The Court held that the Act had taken from the mortgagee the following property rights:
1. The right to retain the lien until the indebtedness thereby secured is paid.
2. The right to realize upon the security by a judicial public sale.
3. The right to determine when such sale shall be held, subject only to the discretion of the court.
4. The right to protect its interest in the property by bidding at such sale whenever held, and thus to assure having the mortgaged property devoted primarily to the satisfaction of the debt, either through receipt of the proceeds of a fair competitive sale or by taking the property itself.
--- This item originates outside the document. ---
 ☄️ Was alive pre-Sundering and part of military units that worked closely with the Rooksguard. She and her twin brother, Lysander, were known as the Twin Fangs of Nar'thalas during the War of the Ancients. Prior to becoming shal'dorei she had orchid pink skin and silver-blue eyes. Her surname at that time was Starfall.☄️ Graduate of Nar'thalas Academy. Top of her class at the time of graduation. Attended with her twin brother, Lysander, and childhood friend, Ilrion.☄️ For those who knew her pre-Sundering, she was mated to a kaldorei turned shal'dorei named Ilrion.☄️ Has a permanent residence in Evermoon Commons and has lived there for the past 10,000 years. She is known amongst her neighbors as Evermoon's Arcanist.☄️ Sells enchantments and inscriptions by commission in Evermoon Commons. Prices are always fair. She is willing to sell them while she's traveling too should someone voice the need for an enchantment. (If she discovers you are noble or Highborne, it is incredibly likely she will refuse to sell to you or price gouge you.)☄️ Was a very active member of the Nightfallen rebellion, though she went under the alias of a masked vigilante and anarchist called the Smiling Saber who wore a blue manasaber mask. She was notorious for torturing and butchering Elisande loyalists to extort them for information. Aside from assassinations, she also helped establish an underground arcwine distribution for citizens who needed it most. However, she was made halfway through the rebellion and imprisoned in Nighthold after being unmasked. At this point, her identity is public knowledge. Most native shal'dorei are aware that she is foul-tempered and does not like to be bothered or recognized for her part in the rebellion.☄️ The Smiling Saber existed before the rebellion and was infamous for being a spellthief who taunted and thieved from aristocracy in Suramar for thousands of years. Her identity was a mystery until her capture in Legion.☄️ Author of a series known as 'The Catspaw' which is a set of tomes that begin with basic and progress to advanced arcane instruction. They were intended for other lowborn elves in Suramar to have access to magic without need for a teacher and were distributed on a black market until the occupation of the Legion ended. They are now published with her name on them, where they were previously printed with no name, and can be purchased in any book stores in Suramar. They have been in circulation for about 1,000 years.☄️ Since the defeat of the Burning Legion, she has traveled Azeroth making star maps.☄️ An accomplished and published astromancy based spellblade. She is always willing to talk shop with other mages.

5. The right to control meanwhile the property during the period of default, subject only to the discretion of the court, and to have the rents and profits collected by a receiver for the satisfaction of the debt.
295 U.S. 594-95, 55 S.Ct. 865.
In Ashe, supra, the court concludes that Radford was effectively limited, if not tacitly overruled by Wright v. Vinton Branch of the Mountain Bank of Roanoke, 300 U.S. 440, 57 S.Ct. 556, 81 L.Ed. 736 (1937), and Helvering v. Griffiths, 318 U.S. 371, 400-401 n. 52, 63 S.Ct. 636, 651-652 n. 52, 87 L.Ed. 843 (1943). 669 F.2d at 474. On the other hand, the court in Rodrock held that while Wright and other cases may well refine the rule of Radford, "they do not destroy the fundamental teaching of Radford that Congress may not under the bankruptcy power completely take for the benefit of a debtor rights in specific property previously acquired by a creditor." 642 F.2d at 1198 The court in Gifford agreed with the holding in Rodrock. 669 F.2d at 472.
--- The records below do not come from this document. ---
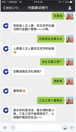 小微虽然是个学霸,可以快速解决业务问题,但她并不高冷,可以时时陪在身边谈心聊天。通过对用户会话习惯、会话内容的分析提炼,建设银行建立了智能聊天库,涵盖交互场景近3万个,可连续对话超过10轮。从衣食住行,到娱乐八卦,甚至时下流行的《三生三世十里桃花》,小微都能聊上几句。俏皮可爱的形象,幽默风趣的语言风格,会卖萌的小微圈粉无数。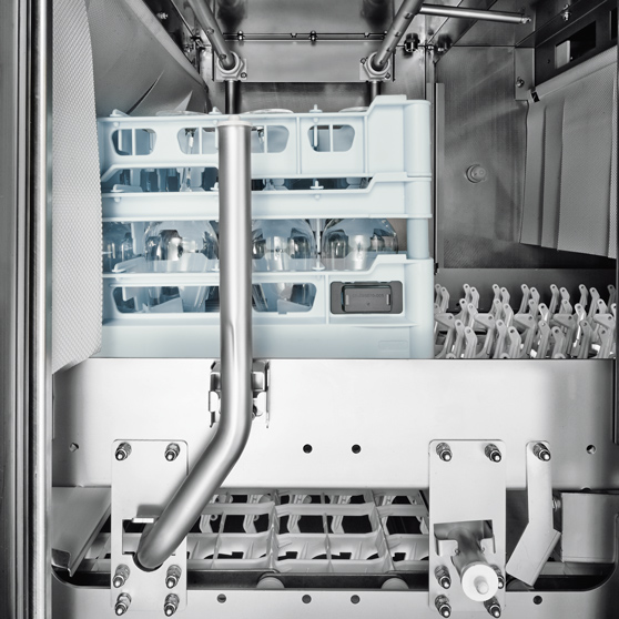 Inteligentne funkcje urządzenia wykrywają np. puste sekcje przenośnika lub określone zmywane artykuły i automatyczne dostosowują się do określonych okoliczności. W ten sposób pomagają zmniejszyć koszty eksploatacji i zaoszczędzić cenne zasoby.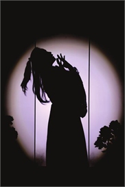She stands in front of us behind a white and plain Chinese screen on which her black shadow stands in the center of a big round circle of light, like a live action shadow puppet show. Dressed in traditional Chinese clothing, she holds a peony flower in one hand while she dances, then turns around and slides her other hand - fingers positioned to look like an orchid flower - along her chin.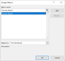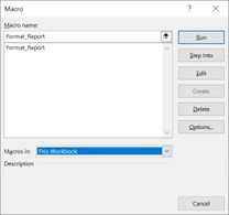 2. In the ‘Record Macro’ dialog box, give your macro a name (such as: Format_Report) – it must not include any spaces.
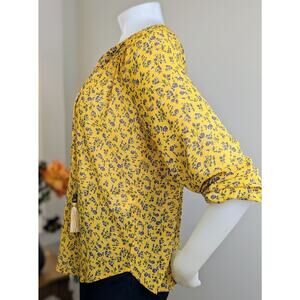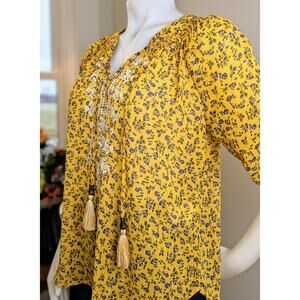 Mason & Belle Peasant Top Embroidered Yellow Floral Boho Flowy Size Small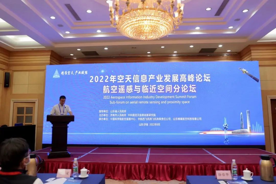 蜂巢航宇董事长及无人机市场部负责同志应邀到山东大厦参加2022年空天信息产业发展高峰论坛。本次高峰论坛由济南市人民政府、中国科学院空天信息创新研究院共同主办,以“空天赋能 智创未来”为主题,旨在展示空天信息领域最新研究成果,搭建产业交流合作平台,共同推动空天信息产业高质量发展。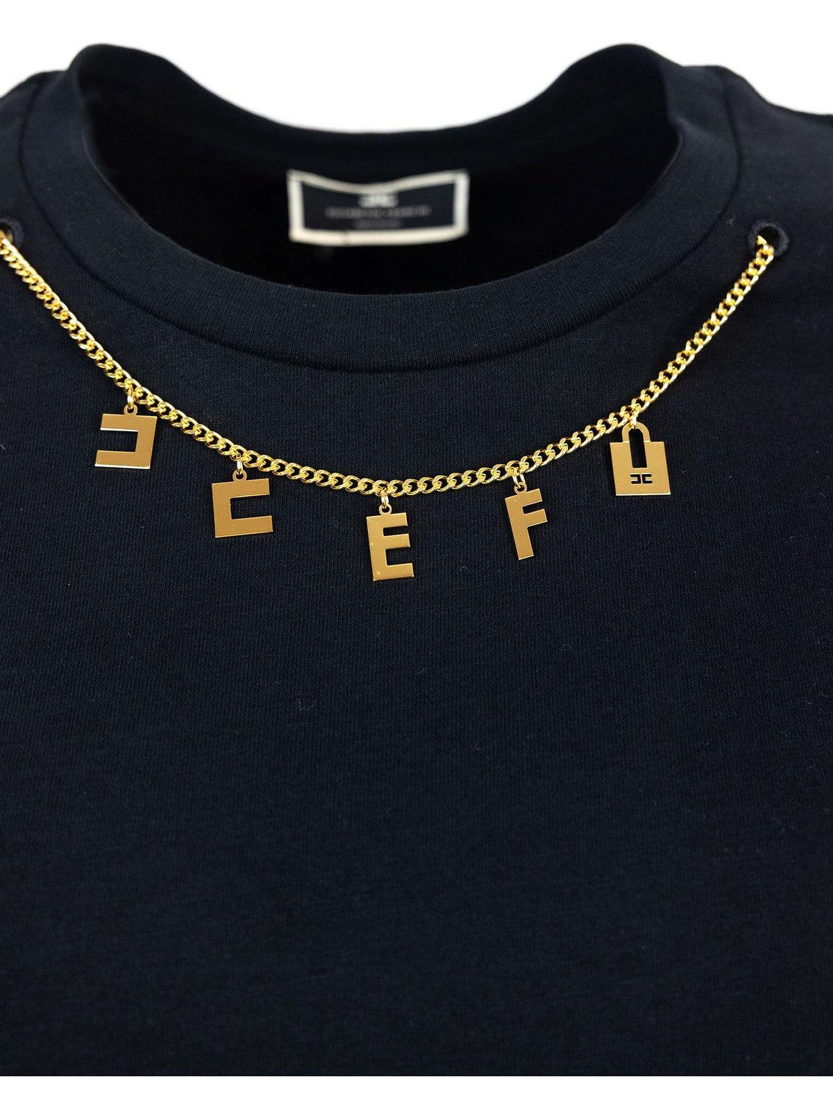 T-shirt ELISABETTA FRANCHI in jersey di cotone leggero impreziosita da un accessorio con charms logo in metallo dorato sotto lo scollo. Collo a giro e maniche corte. Vestibilità over.
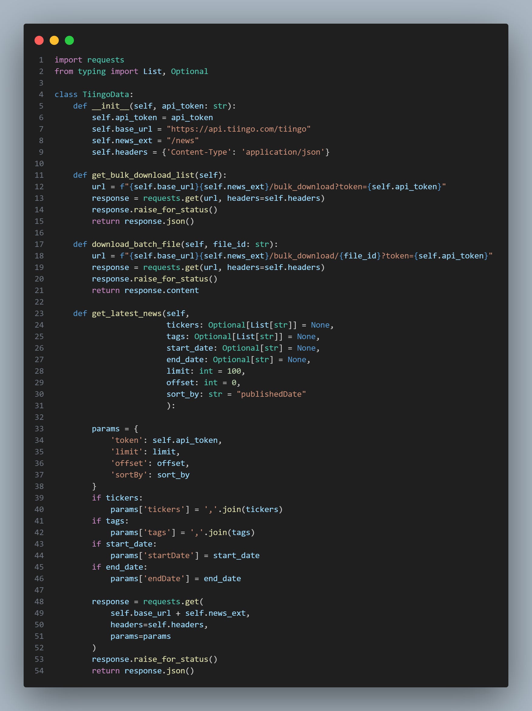 In addition to being absurdly cheap at only $30 a month, Tiingo also offers an excellent API for news data. I’ve coded up their API into a Python class for us to use, and we’ll be using this for all of our scraping: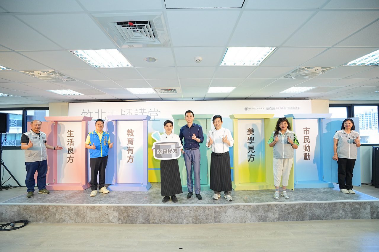 2025竹北大師講堂15日於竹北市民活動中心北崙館盛大開課!承襲去年大師講堂精神,網羅各領域的大師共聚竹北。記者會活動特別以「市民料理」為題,邀請知名型男主廚吳秉承父子檔,讓首場竹北大師講堂更添風味。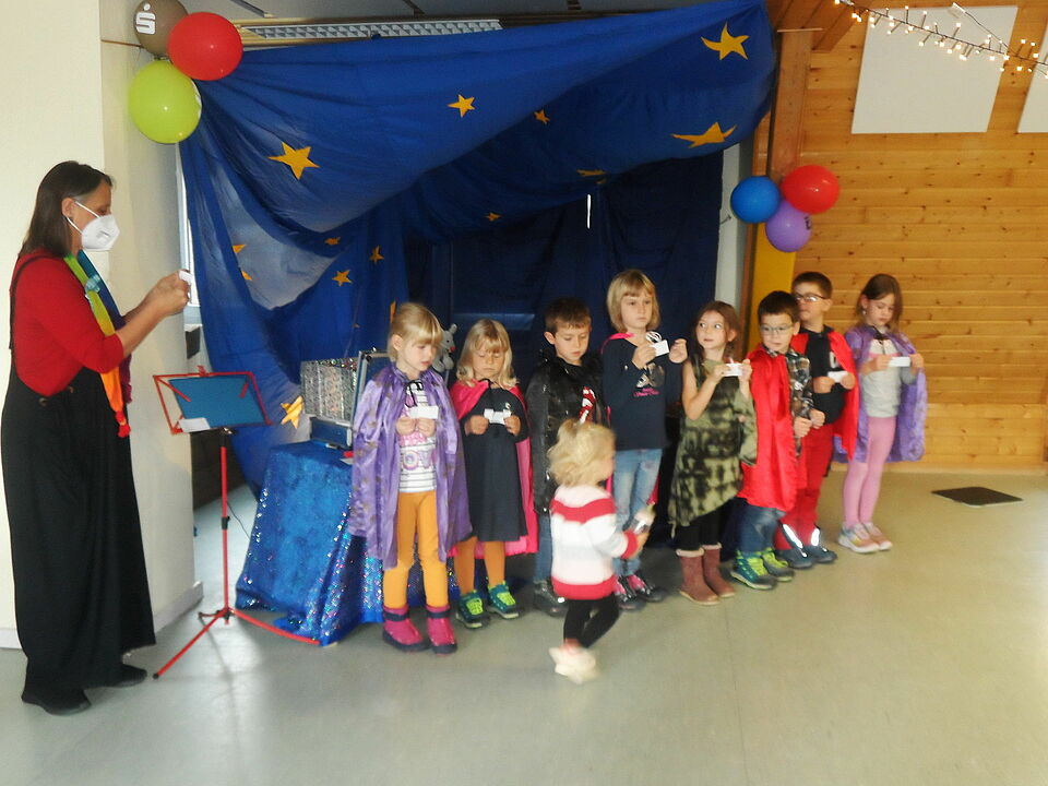 „Wir haben einfach das Beste daraus gemacht, was ging“, so die Leiterin Rita Schmitz – und da nur ein Erwachsener pro Familie pandemiemäßig zugelassen werden konnte, und die 3-G-Regel galt und Abstand eingehalten werden musste, wurde der geplante Workshop der Zauberlehrlinge kurzerhand vom Erdgeschoss ins Erste Obergeschoss verlegt. Zum Zaubern-Erlernen hatte das Team um Rita Schmitz eine Magierin verpflichtet, so Kindergartenmitarbeiterin Marion Poensgen.

Appellees argue that even assuming its continued vitality, Radford is limited to protecting interests of "substantial value" in real property. A lien is clearly an interest in property, 11 U.S.C. § 101(28), and for Constitutional purposes, it makes no difference whether liens are on personal or real property. Cf. Armstrong v. United States, 364 U.S. 40, 44, 80 S.Ct. 1563, 1566, 4 L.Ed.2d 1554 (1960); Kuehner, supra. It is true that Congress noted the typically small market value of the exempted household effects, see note 1, para. 3, supra, and several courts have based their decisions to apply § 522(f) retroactively on their conclusion that creditors were not losing property rights of significant monetary value. E.g., Matter of Rutherford, 4 B.R. 510, 512-13 (Bkrtcy.S.D.W.D. Ohio 1980); In Re Ambrose, 4 B.R. 395, 400 (Bkrtcy.N.D. Ohio 1980). As noted in Gifford, however, "it is the value of that right which is at issue, not the worth of the collateral." 669 F.2d at 473. We agree that a "property right which is of value regardless of the worth of the object in which it is held, and is protected from governmental appropriation by the taking clause of the Fifth Amendment." Id.; In Re Hoops, 3 B.R. 635, 639-40 (Bkrtcy.D.Colo. 1980), aff'd., 642 F.2d 1193 (10 Cir. 1981), prob. jur. noted, ___ U.S. ___, 102 S.Ct. 969, 71 L.Ed.2d 108 (1981).
(c) Notice of Enactment
While Radford may still be controlling as to property rights which vested prior to the enactment of new bankruptcy legislation, we conclude that it is inapplicable to the issue considered here. Justice Brandeis carefully noted that while the bankruptcy legislation considered in Radford was unconstitutional, "[t]he power over property pledged as security after the date of the Act may be greater than over property pledged before." Radford, 295 U.S. at 589, 55 S.Ct. at 863 (emphasis added).
Here the liens were acquired approximately eight months after the passage of the Reform Act and approximately four months before its effective date. Obviously both parties had notice of the enactment and the provisions of the Act with respect to when its various sections and subsections would take effect. Whether the enactment date or effective date is controlling under the circumstances of these cases presents a close question. It is not surprising that the bankruptcy courts have reached different conclusions.
The bankruptcy court in these cases held that the retroactive effects of § 522(f)(2) are not so unreasonable or arbitrary as to deny due process; and that "It is not unreasonable to impute to credit companies and their attorneys the knowledge and understanding of a new law after that law has been enacted." 7 B.R. at 584. The court concluded accordingly that there should be a distinction between cases where the lien arose before November 6, 1978, and those where it arose "between the enactment and effective dates of the Bankruptcy Code."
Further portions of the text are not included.